Independent Catholic News



  1. Mark says:

    Dear “Concerned,”

    I do not find the positions of the bishops in the above article to be hypocritical at all.

    Many, many people do disagree with the bishops in their official teachings, even publicly, without being “thrown out of the Church.” Your own comments in a public forum are an illustration of this.

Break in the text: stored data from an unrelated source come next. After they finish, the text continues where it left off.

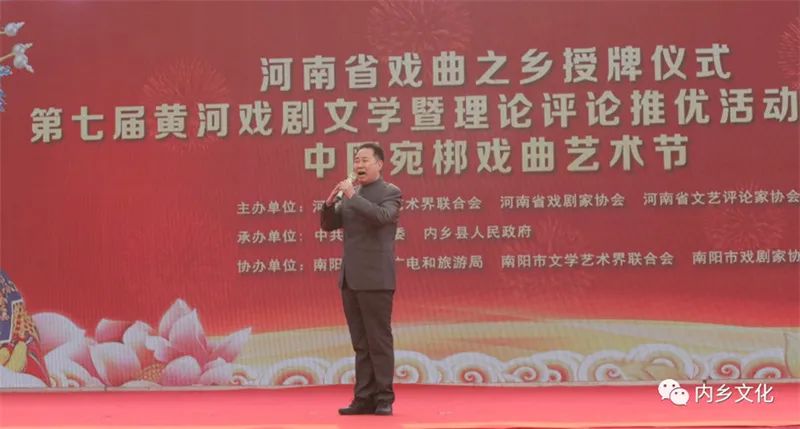 2月16日,由河南省文聯(lián)、河南省戲劇家協(xié)會(huì)、河南省文藝評(píng)論家協(xié)會(huì)主辦,中共內(nèi)鄉(xiāng)縣委、內(nèi)鄉(xiāng)縣人民政府承辦,南陽(yáng)市文化廣電和旅游局、南陽(yáng)市文聯(lián)、南陽(yáng)市戲劇家協(xié)會(huì)協(xié)辦的“河南省戲曲之鄉(xiāng)”授牌儀式暨中國(guó)宛梆戲曲藝術(shù)節(jié)在內(nèi)鄉(xiāng)縣衙廣場(chǎng)隆重舉行,同時(shí)舉辦“第七屆黃河戲劇文學(xué)暨理論評(píng)論推優(yōu)活動(dòng)頒獎(jiǎng)典禮”
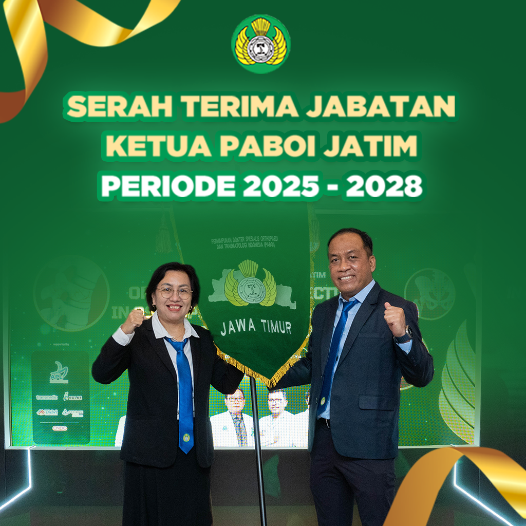 Puji syukur kita panjatkan ke hadirat Tuhan Yang Maha Esa atas rahmat dan karunia-Nya, sehingga PABOI Cabang Jawa Timur dapat terus menjalankan perannya sebagai organisasi profesi yang berkontribusi aktif dalam pengembangan ilmu dan pelayanan Orthopaedi dan Traumatologi di Jawa Timur.
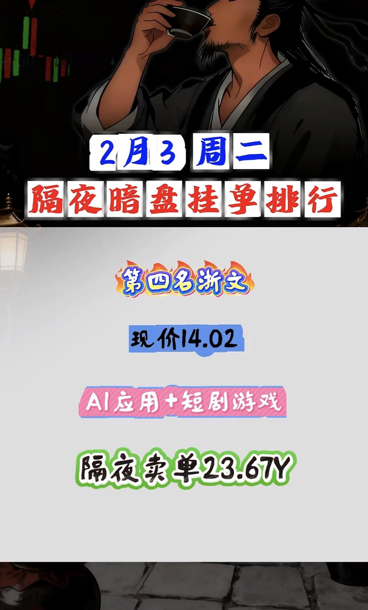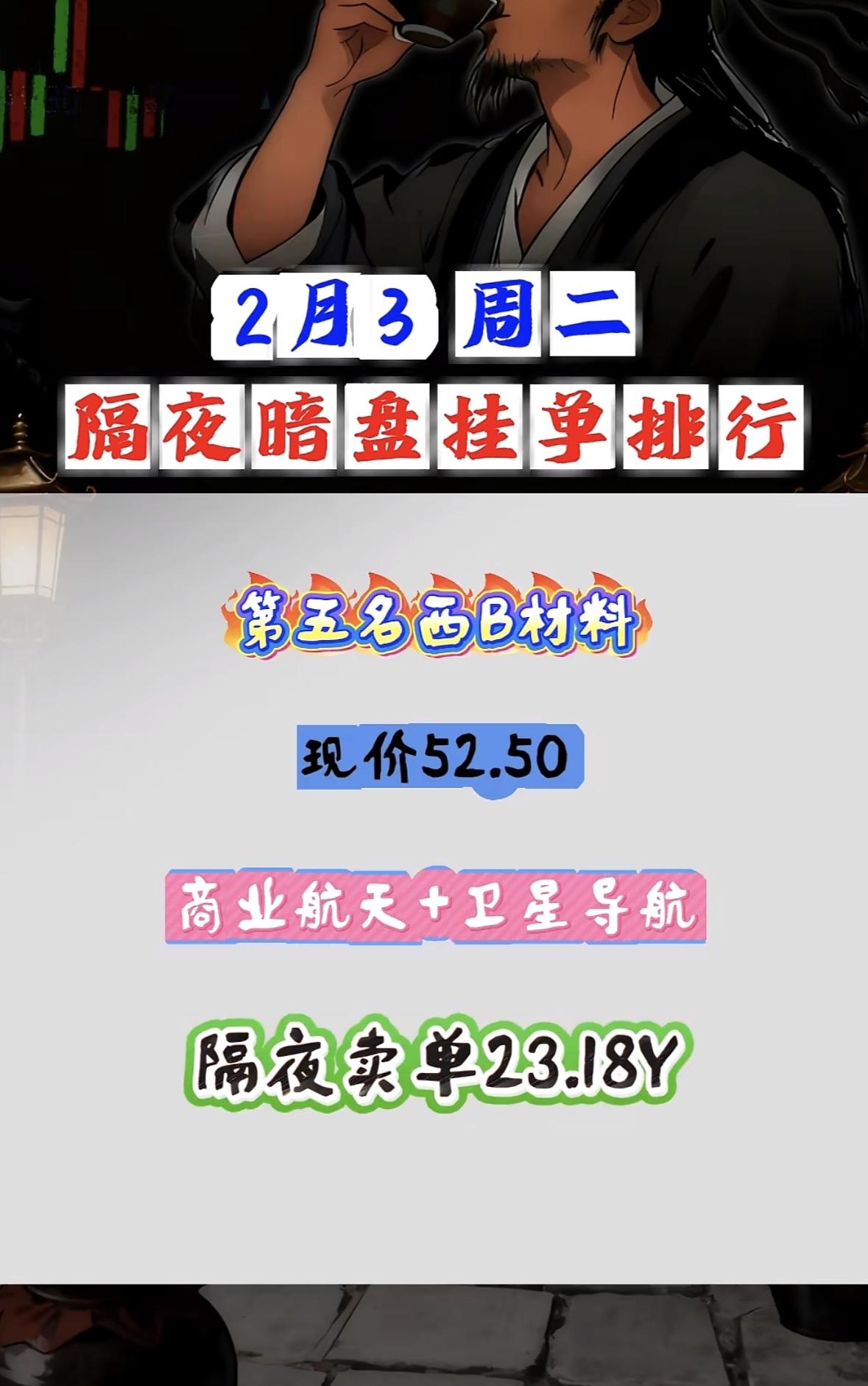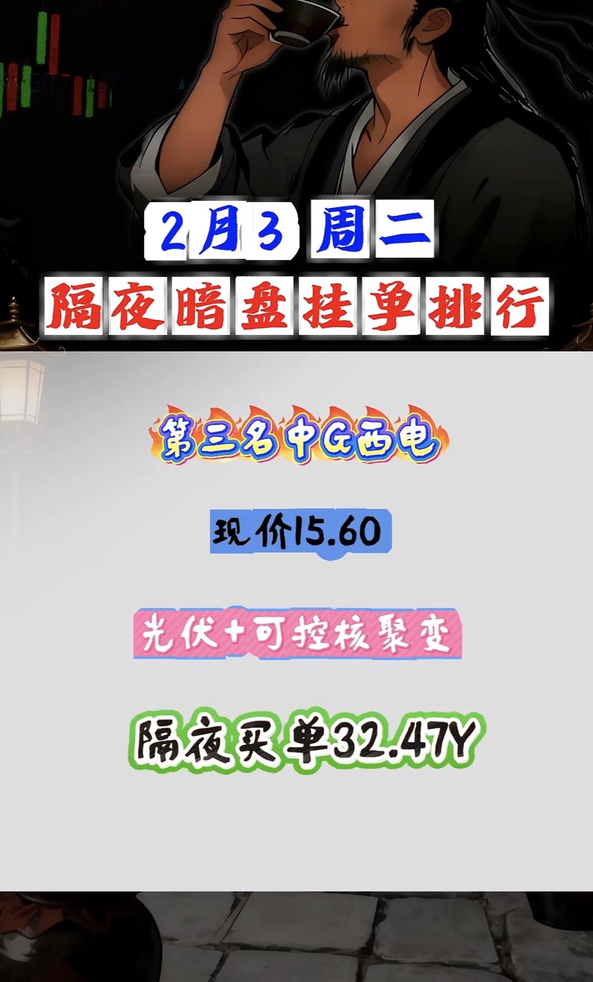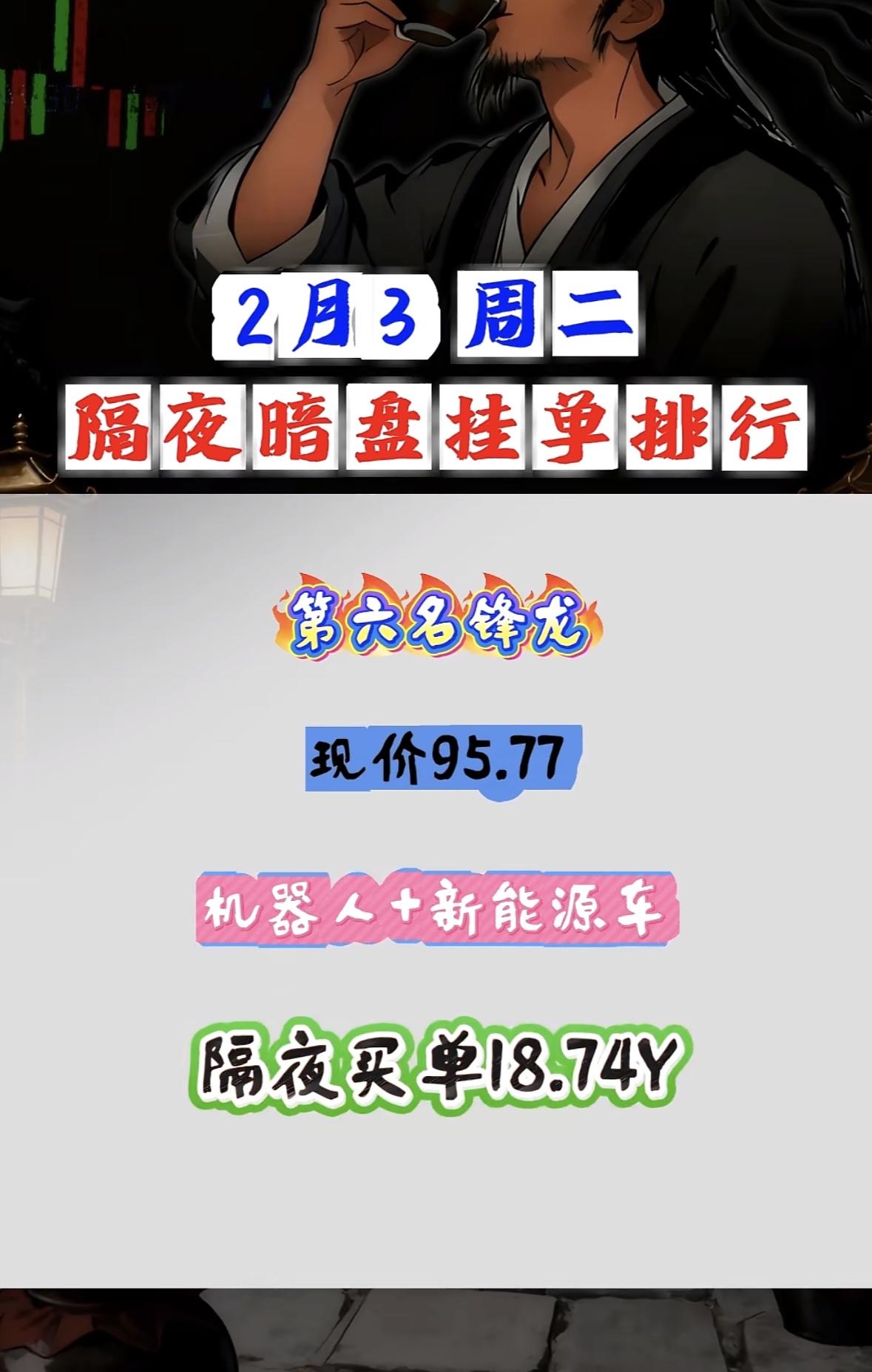 2月3日隔夜暗盘挂单,利欧领航。 "皇台白酒乡村振兴概念受捧,隔夜买单近六亿现价稳升" "皇台白酒概念股现价17.52,乡村振兴题材受捧,隔夜买单超5亿"

    What the bishops are objecting to in this article are laws that force at least some Catholic employers, including themselves, to cooperate in evil actions if they want to continue doing the excellent work that they do in hospitals, schools, and public charities. Ironically, it is now the government which is trying to impose its own morality on them.

    • Carl says:

      Mark, you make an elementary but quite common mistake: we are a secular society. I may be against contraception because of the Church, yet my secular co-worker should not be forced to obey my conscience.

      • Ann says:

        Agree Carl. A person may believe whatever he/she chooses, but as a member of a secular/civil society, one is required to obey the laws of the land. One may believe in polygamy, but one may not practice it. Obama has bent over backwards to assure churches that they do not have to provide concraceptive coverage, for example, allowing their insurance companies to cover it, but insofar as a church is a public employer, it is required to follow Obama care, currently the law of the land. Obama has attempted to be fair while the bishops continue to come off as biological, knuckle- dragging troglodytes when it come to women’s health issues.

    • Concerned says:

      Mark, tell that to the priests who have been dismissed for any type of opposing view. Tell that to the catholic public figures who have been denied Communion. Tell that to the Religious Women who have been threatened with excommunication for opposing views. No one in the Church is allowed to claim something is a matter of “conscience” to be spared from the iron hand of those who seek to enforrce their own will. As an example, a priest may find that it is a matter of conscience that he disagrees with the Church on the matter of women priests, but he is not allowed to say that. A person may find it a matter of “conscience” to be unable to support the Church’s position on birth control, but if that person says it publicly a priest can deny the Eucharist. I never said I disagree or agree with the position of the Bishops on the HHS issue. My point is, if the Bishops want consideration – they should show consideration. They do not – that action, or inaction, makes their overall position hypocritical.

  2. Concerned says:

    Perhaps the hierarchy should lead by axample. They have absolutely no issue with disregarding an individual’s conscience when someone disagrees with them. Their resopnse, “throw them out of the church.” But here they are preaching a message simply because it benefits them. The hierarchy of the Catholic CHurch wants it both ways. It is so bad that now they can not even see the hypocrisy of their comments. This is part of the reason why the hierarchy has ero credibility in the world. It is why they are ignored. It is why many leave the CHurch. If a priest were to say his conscience calls him to speak out in favor of something different, the hierarchy would not care one bit. When will these blind guides see what they are doing? When will they reverse their adoption of the the way of the Pharisees and Scribes and prefer the way of Jesus? Can the next Pope be the one who will have eyes that are open? Can the next Pope begin to rebuild credibility? Let’s hope so – because time is running out before the Church reaches the popint of no return – and becomes completely meaningless, obsolete and totally lacking in any credibility at all.